─── INFORMATION SUPPLIED ───

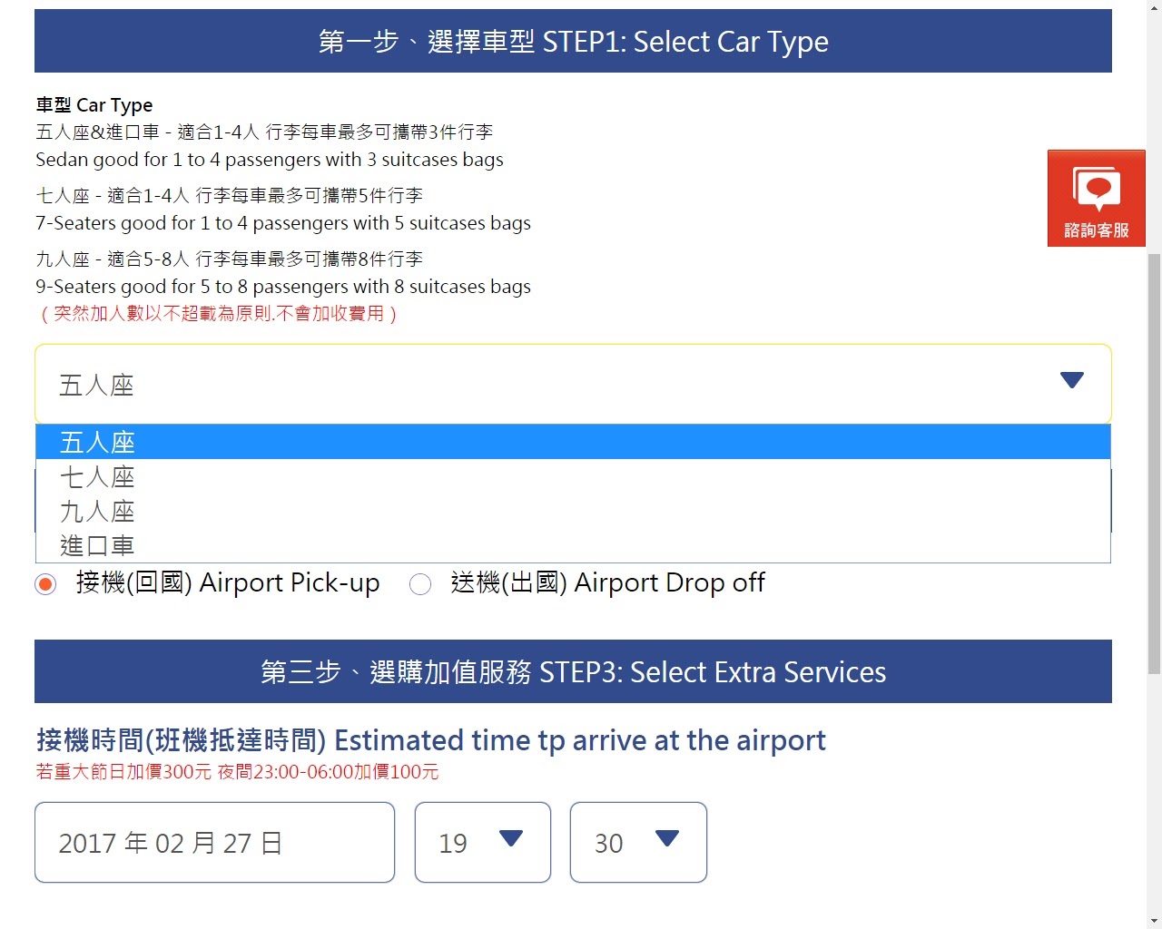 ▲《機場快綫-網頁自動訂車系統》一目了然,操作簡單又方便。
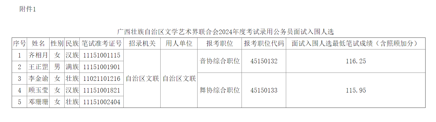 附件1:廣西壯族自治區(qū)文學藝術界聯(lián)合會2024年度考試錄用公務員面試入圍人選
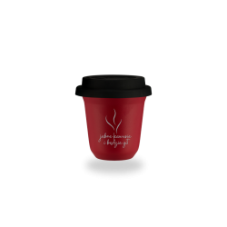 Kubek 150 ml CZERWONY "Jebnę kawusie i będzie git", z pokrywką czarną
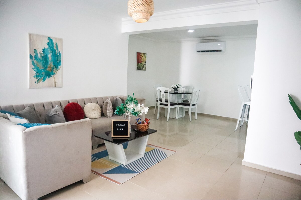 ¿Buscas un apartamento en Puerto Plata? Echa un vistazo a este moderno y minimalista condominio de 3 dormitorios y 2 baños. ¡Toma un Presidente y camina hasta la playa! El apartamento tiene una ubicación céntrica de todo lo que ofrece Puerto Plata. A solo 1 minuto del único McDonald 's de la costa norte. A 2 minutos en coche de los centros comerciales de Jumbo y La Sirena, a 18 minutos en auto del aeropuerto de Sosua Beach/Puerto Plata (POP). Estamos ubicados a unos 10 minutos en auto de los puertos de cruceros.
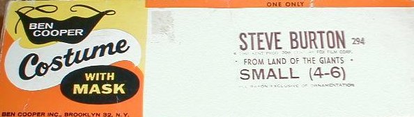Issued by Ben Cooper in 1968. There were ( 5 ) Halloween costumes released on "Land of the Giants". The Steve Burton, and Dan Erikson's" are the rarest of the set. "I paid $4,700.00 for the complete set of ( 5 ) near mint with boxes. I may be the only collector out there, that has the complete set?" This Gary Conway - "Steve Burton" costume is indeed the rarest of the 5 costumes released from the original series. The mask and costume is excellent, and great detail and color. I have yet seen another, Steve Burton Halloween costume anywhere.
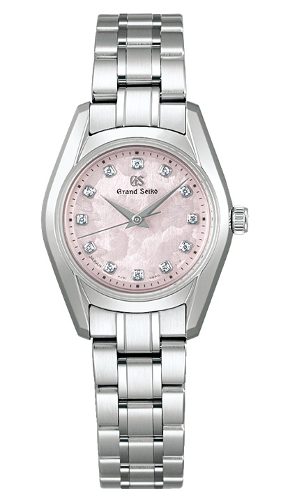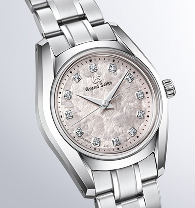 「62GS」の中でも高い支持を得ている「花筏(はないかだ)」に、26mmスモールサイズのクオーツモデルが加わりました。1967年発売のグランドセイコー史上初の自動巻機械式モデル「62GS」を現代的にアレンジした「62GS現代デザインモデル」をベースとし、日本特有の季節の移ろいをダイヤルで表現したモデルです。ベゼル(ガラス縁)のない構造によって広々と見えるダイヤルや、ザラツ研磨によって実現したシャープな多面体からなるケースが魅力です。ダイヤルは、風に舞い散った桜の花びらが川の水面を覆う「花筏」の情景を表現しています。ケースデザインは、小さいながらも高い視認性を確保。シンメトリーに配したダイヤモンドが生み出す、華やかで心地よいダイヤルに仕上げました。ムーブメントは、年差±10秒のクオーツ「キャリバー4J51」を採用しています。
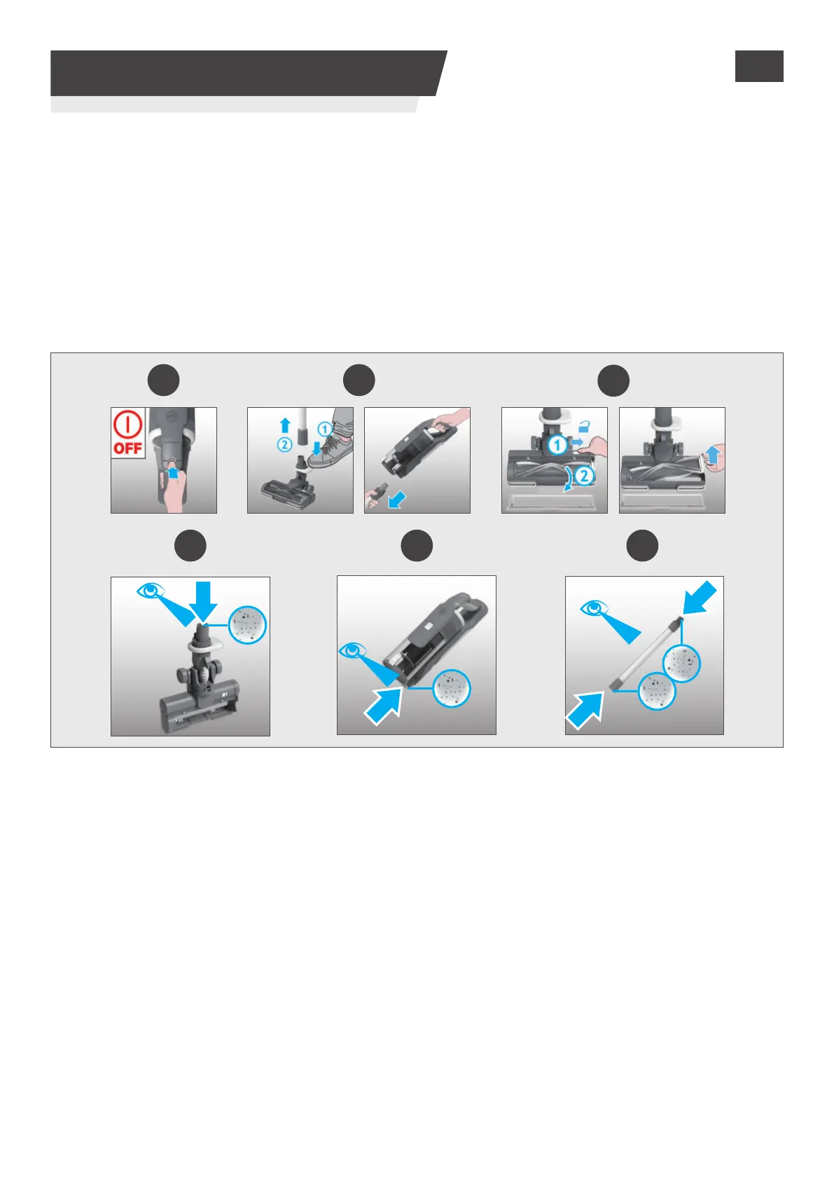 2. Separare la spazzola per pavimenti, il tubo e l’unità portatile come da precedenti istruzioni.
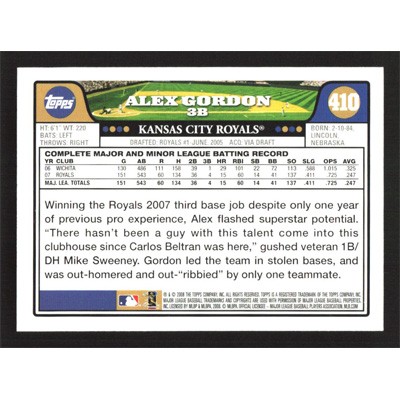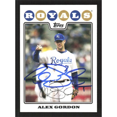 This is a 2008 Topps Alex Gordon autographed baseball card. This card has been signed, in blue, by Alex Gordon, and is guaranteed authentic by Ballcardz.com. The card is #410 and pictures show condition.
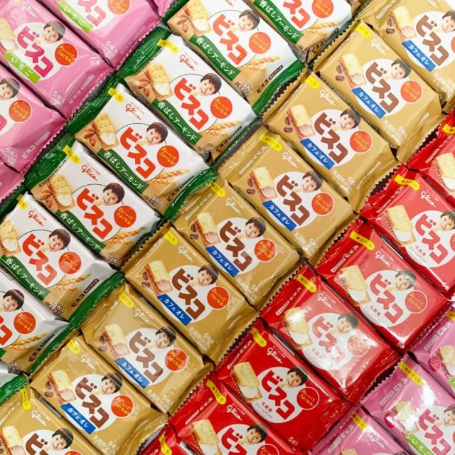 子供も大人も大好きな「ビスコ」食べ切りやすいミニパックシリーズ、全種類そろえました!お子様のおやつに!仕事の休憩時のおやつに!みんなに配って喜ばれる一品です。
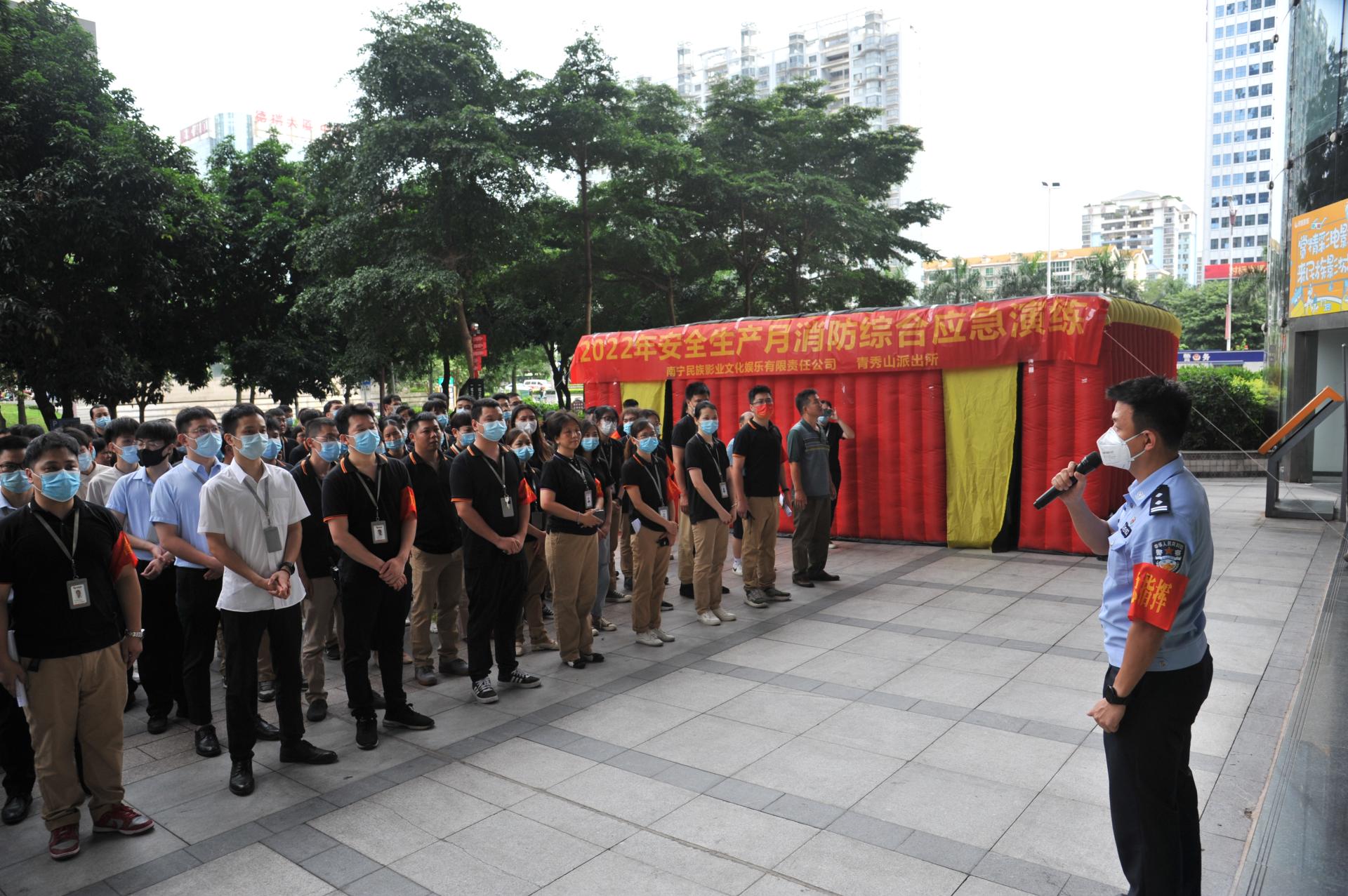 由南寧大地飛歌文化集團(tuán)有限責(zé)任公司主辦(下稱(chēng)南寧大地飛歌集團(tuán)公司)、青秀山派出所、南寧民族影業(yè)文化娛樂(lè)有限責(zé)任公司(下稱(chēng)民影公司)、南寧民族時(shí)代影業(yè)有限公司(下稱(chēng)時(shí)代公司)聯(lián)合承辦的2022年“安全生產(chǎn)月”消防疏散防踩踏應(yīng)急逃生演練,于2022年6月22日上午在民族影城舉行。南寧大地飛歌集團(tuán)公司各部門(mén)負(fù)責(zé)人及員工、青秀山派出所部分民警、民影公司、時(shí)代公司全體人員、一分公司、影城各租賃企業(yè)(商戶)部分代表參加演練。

───

Go through the data and return every word of it verbatim, leaving out the pictures.

*ANSWER TO THIS PROBLEM*.
 ▲《機場快綫-網頁自動訂車系統》一目了然,操作簡單又方便。
 附件1:廣西壯族自治區(qū)文學藝術界聯(lián)合會2024年度考試錄用公務員面試入圍人選
 Kubek 150 ml CZERWONY "Jebnę kawusie i będzie git", z pokrywką czarną
 ¿Buscas un apartamento en Puerto Plata? Echa un vistazo a este moderno y minimalista condominio de 3 dormitorios y 2 baños. ¡Toma un Presidente y camina hasta la playa! El apartamento tiene una ubicación céntrica de todo lo que ofrece Puerto Plata. A solo 1 minuto del único McDonald 's de la costa norte. A 2 minutos en coche de los centros comerciales de Jumbo y La Sirena, a 18 minutos en auto del aeropuerto de Sosua Beach/Puerto Plata (POP). Estamos ubicados a unos 10 minutos en auto de los puertos de cruceros.
Issued by Ben Cooper in 1968. There were ( 5 ) Halloween costumes released on "Land of the Giants". The Steve Burton, and Dan Erikson's" are the rarest of the set. "I paid $4,700.00 for the complete set of ( 5 ) near mint with boxes. I may be the only collector out there, that has the complete set?" This Gary Conway - "Steve Burton" costume is indeed the rarest of the 5 costumes released from the original series. The mask and costume is excellent, and great detail and color. I have yet seen another, Steve Burton Halloween costume anywhere.
 「62GS」の中でも高い支持を得ている「花筏(はないかだ)」に、26mmスモールサイズのクオーツモデルが加わりました。1967年発売のグランドセイコー史上初の自動巻機械式モデル「62GS」を現代的にアレンジした「62GS現代デザインモデル」をベースとし、日本特有の季節の移ろいをダイヤルで表現したモデルです。ベゼル(ガラス縁)のない構造によって広々と見えるダイヤルや、ザラツ研磨によって実現したシャープな多面体からなるケースが魅力です。ダイヤルは、風に舞い散った桜の花びらが川の水面を覆う「花筏」の情景を表現しています。ケースデザインは、小さいながらも高い視認性を確保。シンメトリーに配したダイヤモンドが生み出す、華やかで心地よいダイヤルに仕上げました。ムーブメントは、年差±10秒のクオーツ「キャリバー4J51」を採用しています。
 2. Separare la spazzola per pavimenti, il tubo e l’unità portatile come da precedenti istruzioni.
 This is a 2008 Topps Alex Gordon autographed baseball card. This card has been signed, in blue, by Alex Gordon, and is guaranteed authentic by Ballcardz.com. The card is #410 and pictures show condition.
 子供も大人も大好きな「ビスコ」食べ切りやすいミニパックシリーズ、全種類そろえました!お子様のおやつに!仕事の休憩時のおやつに!みんなに配って喜ばれる一品です。
 由南寧大地飛歌文化集團(tuán)有限責(zé)任公司主辦(下稱(chēng)南寧大地飛歌集團(tuán)公司)、青秀山派出所、南寧民族影業(yè)文化娛樂(lè)有限責(zé)任公司(下稱(chēng)民影公司)、南寧民族時(shí)代影業(yè)有限公司(下稱(chēng)時(shí)代公司)聯(lián)合承辦的2022年“安全生產(chǎn)月”消防疏散防踩踏應(yīng)急逃生演練,于2022年6月22日上午在民族影城舉行。南寧大地飛歌集團(tuán)公司各部門(mén)負(fù)責(zé)人及員工、青秀山派出所部分民警、民影公司、時(shí)代公司全體人員、一分公司、影城各租賃企業(yè)(商戶)部分代表參加演練。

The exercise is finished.